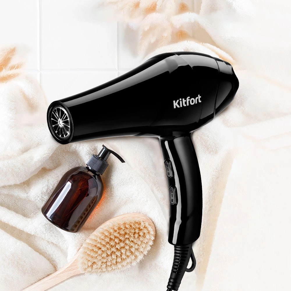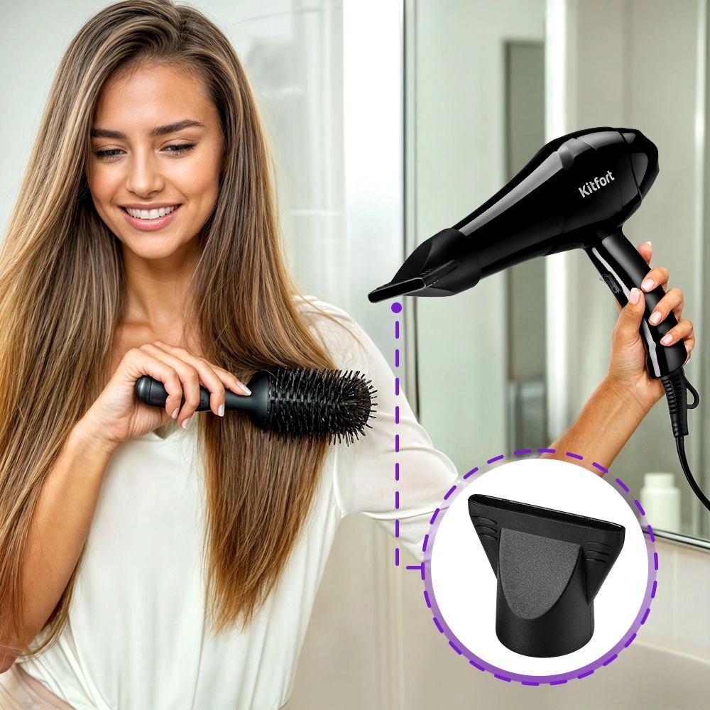 Фен Kitfort КТ-3204 позволяет быстро и комфортно ухаживать за волосами каждый день. Вы сможете быстро высушить волосы и сделать красивую укладку. Он оснащён мотором, мощность которого составляет до 1200 Вт.
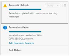Closing the above dialog leaves the Add Roles and Features Wizard page on the screen. Additional tasks will be running, but you can close this page without interrupting them. You can open the page again by clicking Notifications in the command bar and then Task Details.
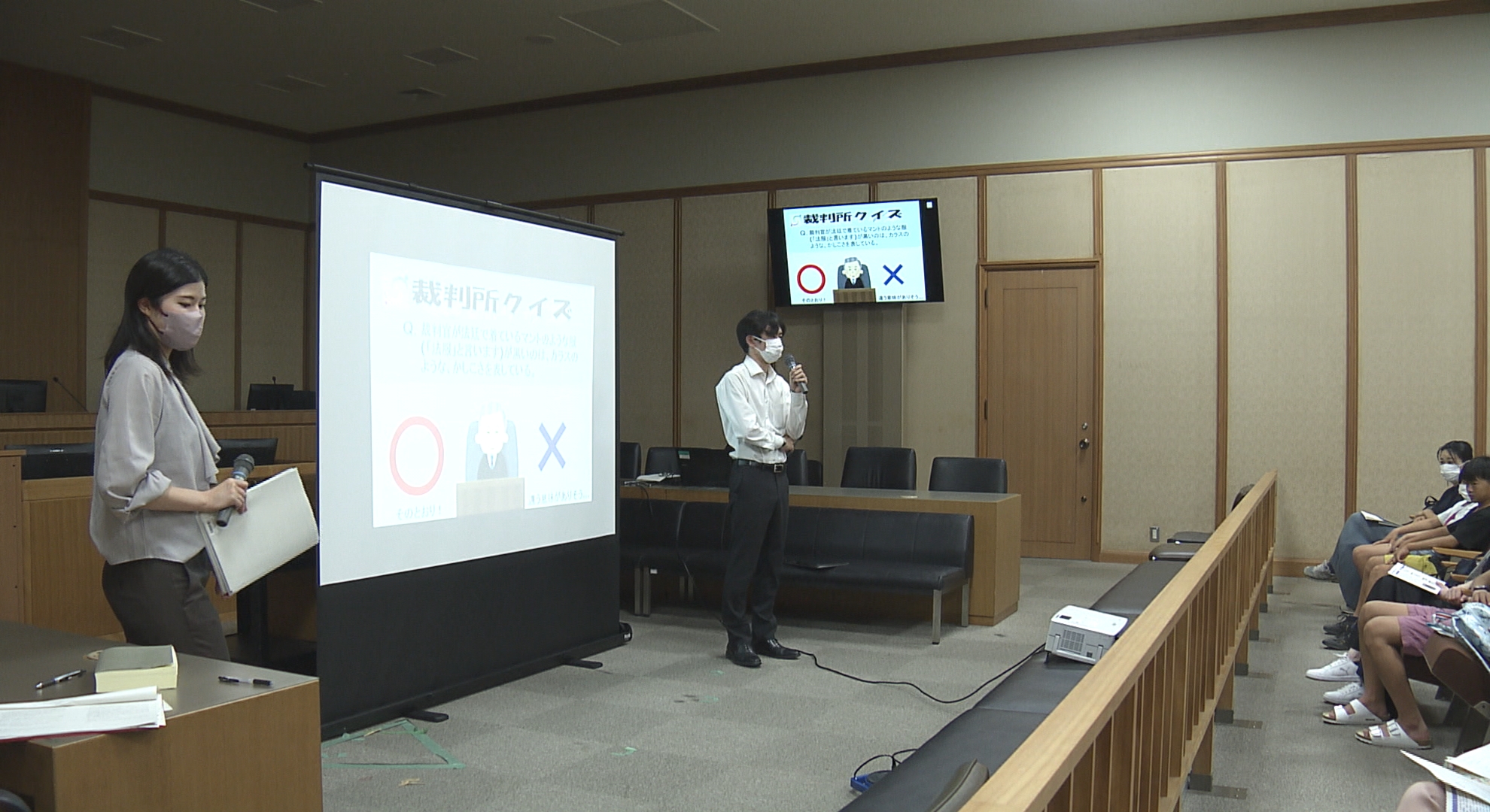 子どもたちは実際の傍聴席に座り裁判所や法律にまつわるクイズに挑戦し、 裁判の制度や裁判官の仕事について学びました。
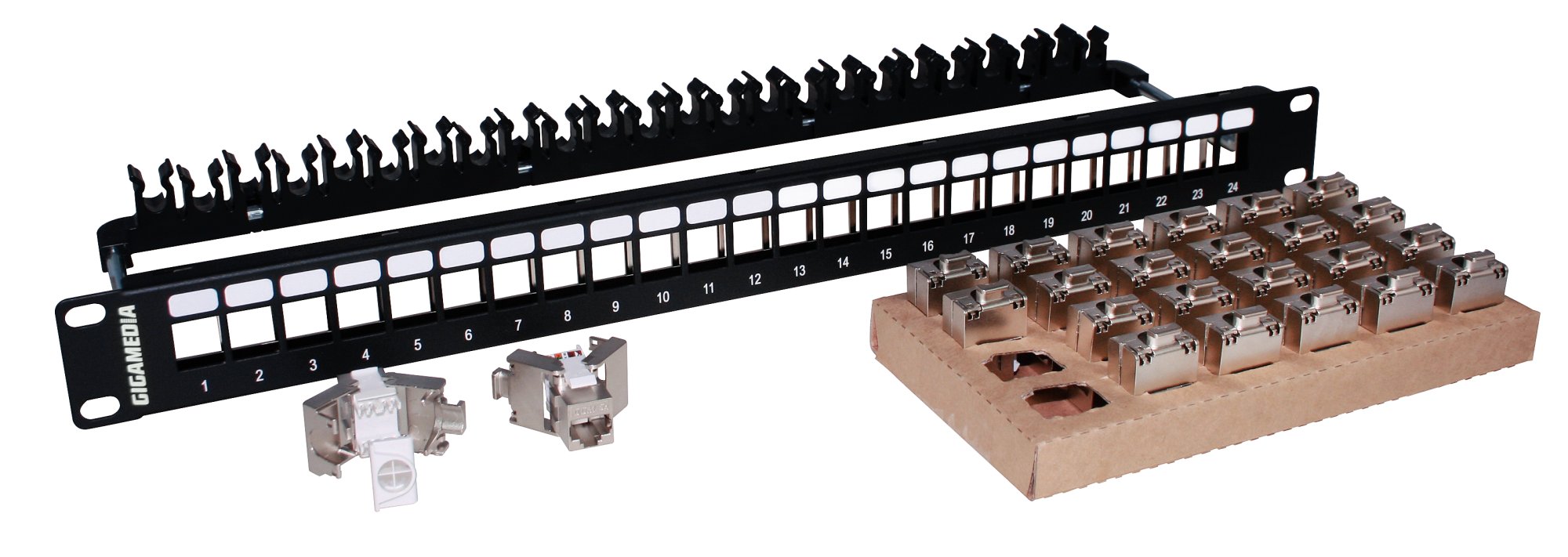 De conception totalement modulaire, les panneaux de la gamme GIGAMEDIA offrent une solution économique et un ratio coût par port très compétitif. Les noyaux qui équipent ces panneaux sont certifiés par un laboratoire indépendant. Ces noyaux sont également disponible individuellement. Tout en un ! Panneau métal 19″ noir avec clips de serrage arrière 24 noyaux CAT6A blindé sans outils

▸ What needs to be done:
The lines running from the beginning of the listing above through the line that holds "子どもたちは実際の傍聴席に座" are to be duplicated exactly, both ends kept, pictures omitted.

▸ Reply:
 Фен Kitfort КТ-3204 позволяет быстро и комфортно ухаживать за волосами каждый день. Вы сможете быстро высушить волосы и сделать красивую укладку. Он оснащён мотором, мощность которого составляет до 1200 Вт.
Closing the above dialog leaves the Add Roles and Features Wizard page on the screen. Additional tasks will be running, but you can close this page without interrupting them. You can open the page again by clicking Notifications in the command bar and then Task Details.
 子どもたちは実際の傍聴席に座り裁判所や法律にまつわるクイズに挑戦し、 裁判の制度や裁判官の仕事について学びました。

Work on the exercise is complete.